**Entries supplied:**
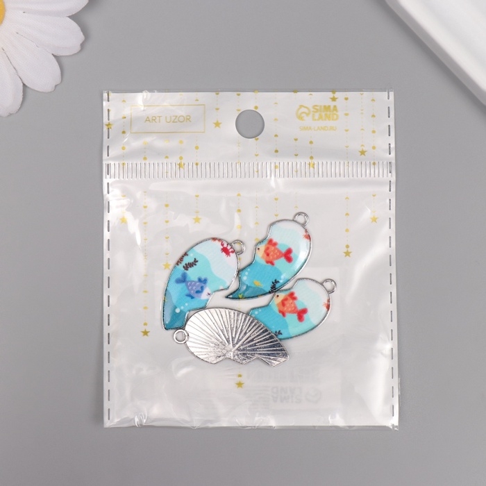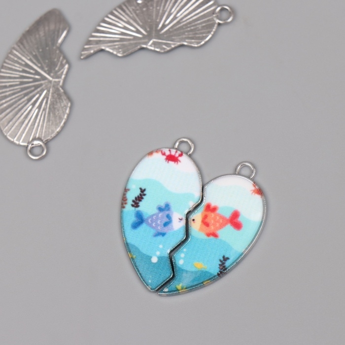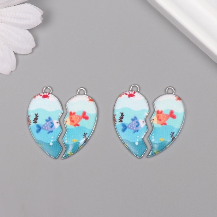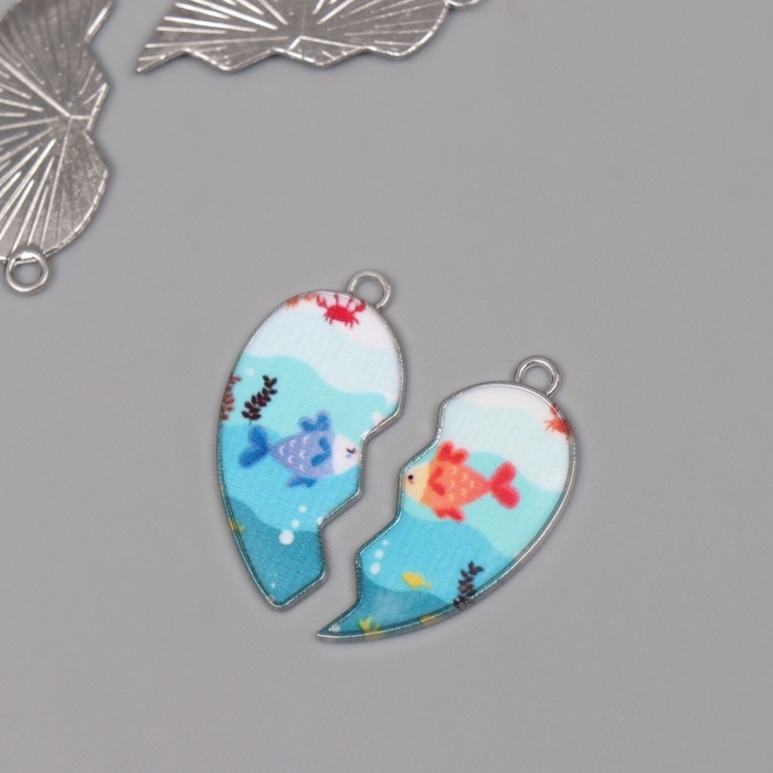 Декор для творчества металл, эмаль "Влюблённые рыбки" набор 2 шт 3х2,8 см
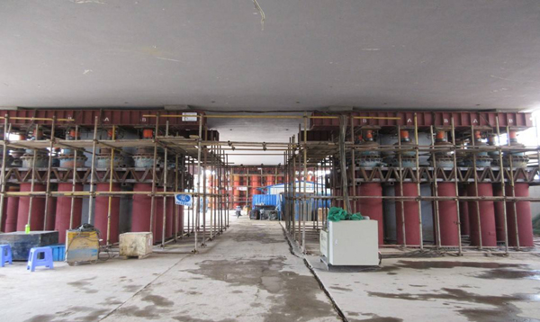 PLC多點控制液壓同步頂升綜合考慮了頂升力和位移的雙重因素。液壓千斤頂可準(zhǔn)確反映出各千斤頂?shù)膶嶋H頂力,位移傳感器(拉線傳感器或光柵尺)可準(zhǔn)確地反應(yīng)出頂升豎向位移。將兩者通過系統(tǒng)進(jìn)行聯(lián)控,可確保頂力的穩(wěn)定輸出,以達(dá)到平穩(wěn)頂升的目的,同時在某支點位移稍有偏差時,可及時通過系統(tǒng)對相應(yīng)支點的頂力進(jìn)行自動調(diào)節(jié),確保頂升過程的同步,確保梁體安全。
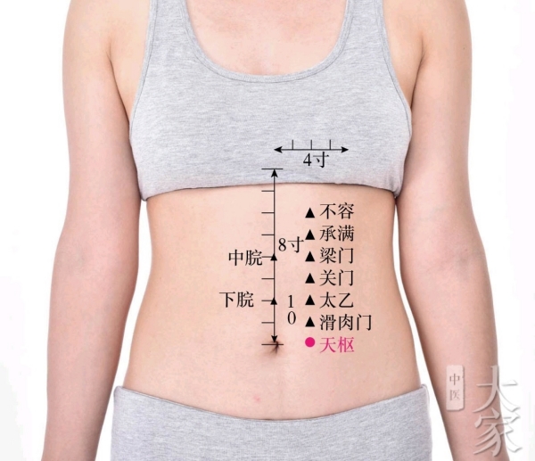 双掌交叠顺时针摩腹5分钟(速度2圈/秒),点按中脘、天枢穴各3分钟,增强脾胃运化。
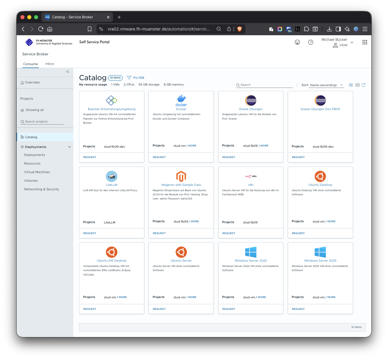 VMware vRealize Automation (vRA)Melden Sie sich mit Ihren FH-Zugangsdaten an.
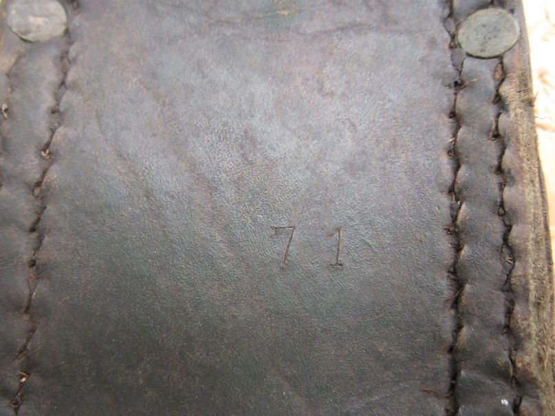 Была у меня похожая,так и не узнал чья,клейма немецкие,внутри под кольцом приклёпана мет пластина защитного цвета,были версии что из какого то тесака...
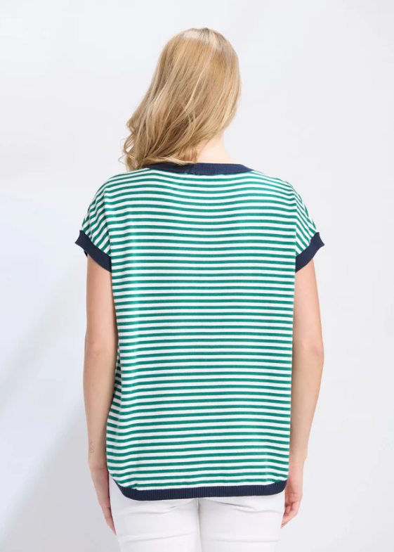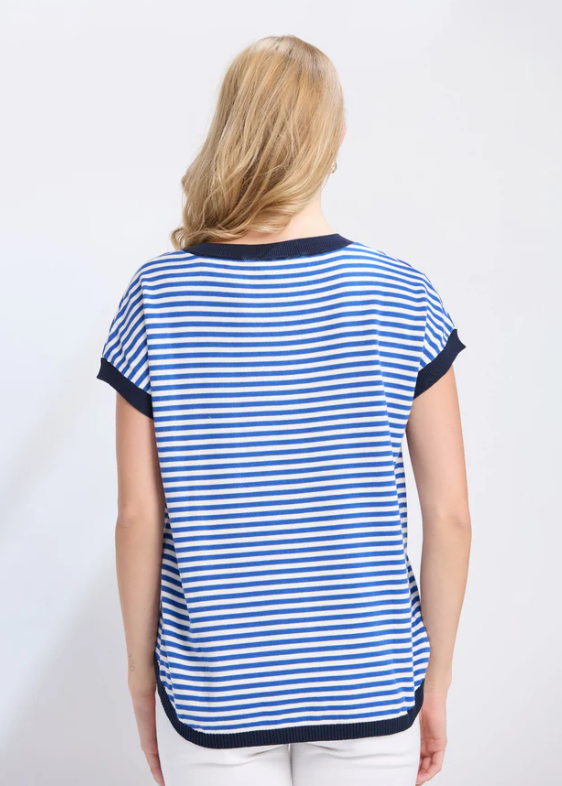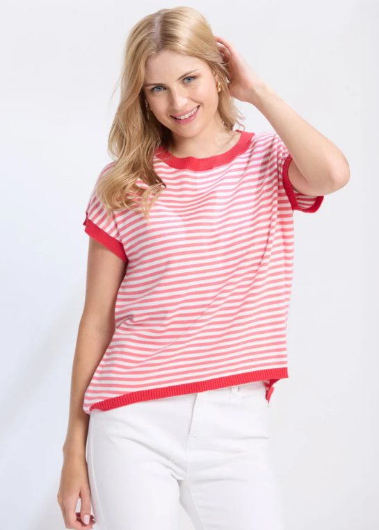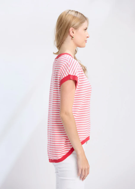 Crafted from 100% cotton, this lightweight striped knit offers breathable comfort and effortless style. Designed with contrast colour trims for a pop of detail, it features a classic crew neckline, dropped cap sleeves, and a hi-lo hemline that adds a modern, relaxed finish. Perfect for layering or wearing on its own, this piece brings a fresh, easygoing touch to your everyday look.
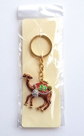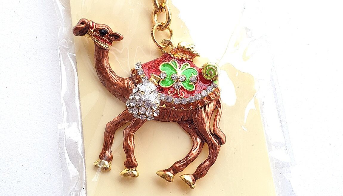 ヒトコブラクダに乗った荷物がラインストーンでデコレーションされている

**Work request:** Starting with the line that has "PLC多點控制液壓同步頂升綜" and going on through the line that has "VMware vRealize Automation", transcribe the records above exactly, but skip the pictures.

**Exercise response:**
 PLC多點控制液壓同步頂升綜合考慮了頂升力和位移的雙重因素。液壓千斤頂可準(zhǔn)確反映出各千斤頂?shù)膶嶋H頂力,位移傳感器(拉線傳感器或光柵尺)可準(zhǔn)確地反應(yīng)出頂升豎向位移。將兩者通過系統(tǒng)進(jìn)行聯(lián)控,可確保頂力的穩(wěn)定輸出,以達(dá)到平穩(wěn)頂升的目的,同時在某支點位移稍有偏差時,可及時通過系統(tǒng)對相應(yīng)支點的頂力進(jìn)行自動調(diào)節(jié),確保頂升過程的同步,確保梁體安全。
 双掌交叠顺时针摩腹5分钟(速度2圈/秒),点按中脘、天枢穴各3分钟,增强脾胃运化。
 VMware vRealize Automation (vRA)Melden Sie sich mit Ihren FH-Zugangsdaten an.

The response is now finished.